The present invention relates to an electrochemical gas sensor in which a detection electrode is provided on a detected atmosphere side of a separator or a solid polymer proton conductor film holding a liquid electrolyte, and a counter electrode is provided on a reference atmosphere side. Is characterized in that the current flows from the counter electrode to the detection electrode and the current flows in the CO from the detection electrode to the counter electrode.

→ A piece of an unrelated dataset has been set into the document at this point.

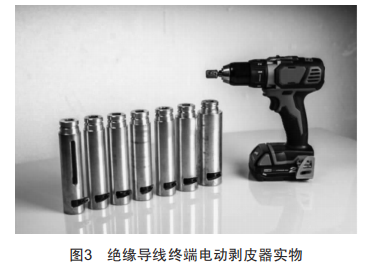絕緣導線終端電動剝皮器實物如圖3所示,機械部分與電動部分搭配,產品操作輕便快捷,簡單省力,不損傷導線,適用范圍廣,根據不同導線線徑,設計了適用于35~240cm2線徑的刀頭套筒,技術先進。

  The present invention also provides a separator or solid electrolyte membrane for holding a liquid electrolyte, in which a detection electrode is provided on the detected atmosphere side and a counter electrode is provided on the reference atmosphere side, the counter electrode side being + and the detection electrode side being-. Using an electrochemical gas sensor that has been modified by applying a direct current to the sensing electrode, H2 is detected when current flows from the counter electrode to the sensing electrode in the electrochemical gas sensor, and the current flows from the sensing electrode to the counter electrode. There is a selective detection method of CO and H2, which detects CO when flowing.

The present invention also provides a separator or solid polymer proton conductor film for holding a liquid electrolyte, and the counter electrode side of the electrochemical gas sensor having a detection electrode on the detected atmosphere side and a counter electrode on the reference atmosphere side. By adding a direct current from the counter electrode to the detection electrode with + as the detection electrode side, current flows in the electrochemical gas sensor from the counter electrode to the detection electrode in H2, and from CO to the detection electrode in CO. Thus, there is a method for reforming an electrochemical gas sensor that reforms the electrochemical gas sensor so that a current flows.

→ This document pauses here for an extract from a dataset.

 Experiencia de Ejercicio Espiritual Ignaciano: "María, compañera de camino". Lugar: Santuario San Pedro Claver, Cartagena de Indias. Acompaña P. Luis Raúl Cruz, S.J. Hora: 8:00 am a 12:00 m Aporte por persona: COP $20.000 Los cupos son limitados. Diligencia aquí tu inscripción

  The inventor makes the detection electrode on the detected atmosphere side of the separator holding the liquid electrolyte and the counter electrode on the reference atmosphere side, and the counter electrode side is +, the detection electrode side is-, and the counter electrode is from the counter electrode. It was found that the gas sensitivity changes when a direct current is applied to the detection electrode. That is, the gas sensitivity was changed so that current flowed from the counter electrode to the detection electrode in the electrochemical gas sensor in H2, and current flowed from the detection electrode to the counter electrode in CO. The change in gas sensitivity was more significant as the DC current from the counter electrode to the detection electrode was larger, or as the voltage applied with the counter electrode as + and the detection electrode as-was larger. Applying a direct current to an electrochemical gas sensor (hereinafter sometimes simply referred to as a “gas sensor”) includes not only applying a direct current literally, but also applying a direct current by applying a direct current voltage. Further, the applied current may be a direct current superimposed on a direct current in addition to a simple direct current. The time and number of times the DC current is applied are arbitrary, and the sensitivity change of the gas sensor is affected by the number and time and the magnitude of the DC current or the magnitude of the DC voltage.

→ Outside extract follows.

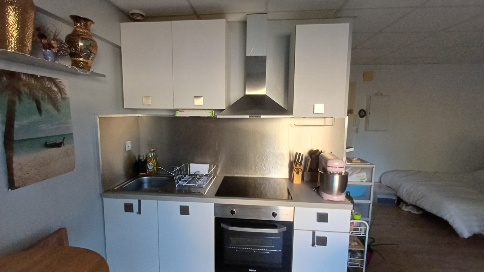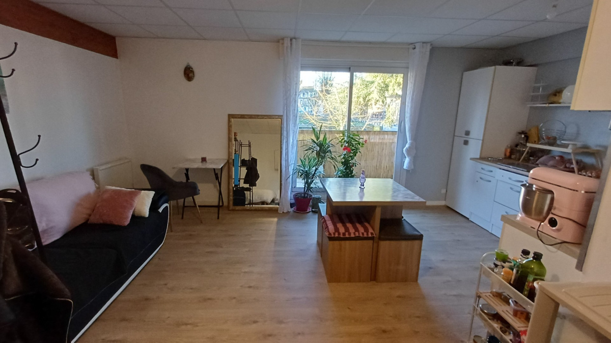 PLOUFRAGAN CENTRE, 1er étage sur 2, appartement T1 lumineux offrant coin cuisine équipée et aménagée ouverte sur la pièce de vie, salle d'eau avec wc. Balcon sud et une place de parking. Libre le 01/02/2026.

  In order for the current to flow from the counter electrode to the detection electrode in the electrochemical gas sensor in H2, a mechanism for H2 to wrap around to the counter electrode side is necessary. The assembly of the separator or solid electrolyte membrane holding the liquid electrolyte and the sensing electrode and the counter electrode is called MEA. Around the MEA, there is a gasket or O-ring around the MEA to shut off the counter electrode from the detected atmosphere. There is a gap between the gasket or O-ring. It is conceivable that H2 diffuses in the gasket or O-ring, or H2 diffuses in the gap between the MEA and the gasket or O-ring. There is also a possibility that H2 diffuses in the MEA itself.

When H2 is goes around to the side of the counter electrode, H2 → 2H ^{+ +} 2e ^- reaction occurs in both the sensing electrode and counter electrode, the current flowing through the MEA is determined by the magnitude of the rate of reaction between the sensing electrode and the counter electrode. The direct current applied from the counter electrode to the detection electrode changes the ionization activity of hydrogen on the detection electrode or the counter electrode, the state of ion conduction between the detection electrode and the spacer, or the state of ion conduction between the counter electrode and the spacer. Assuming that this has happened, it can be explained that the current flows in the electrochemical gas sensor from the counter electrode to the detection electrode in H2. Even if a direct current is applied from the counter electrode to the detection electrode, a current flows from the detection electrode to the counter electrode in CO, and the current value in the CO increases compared to that before the direct current is applied.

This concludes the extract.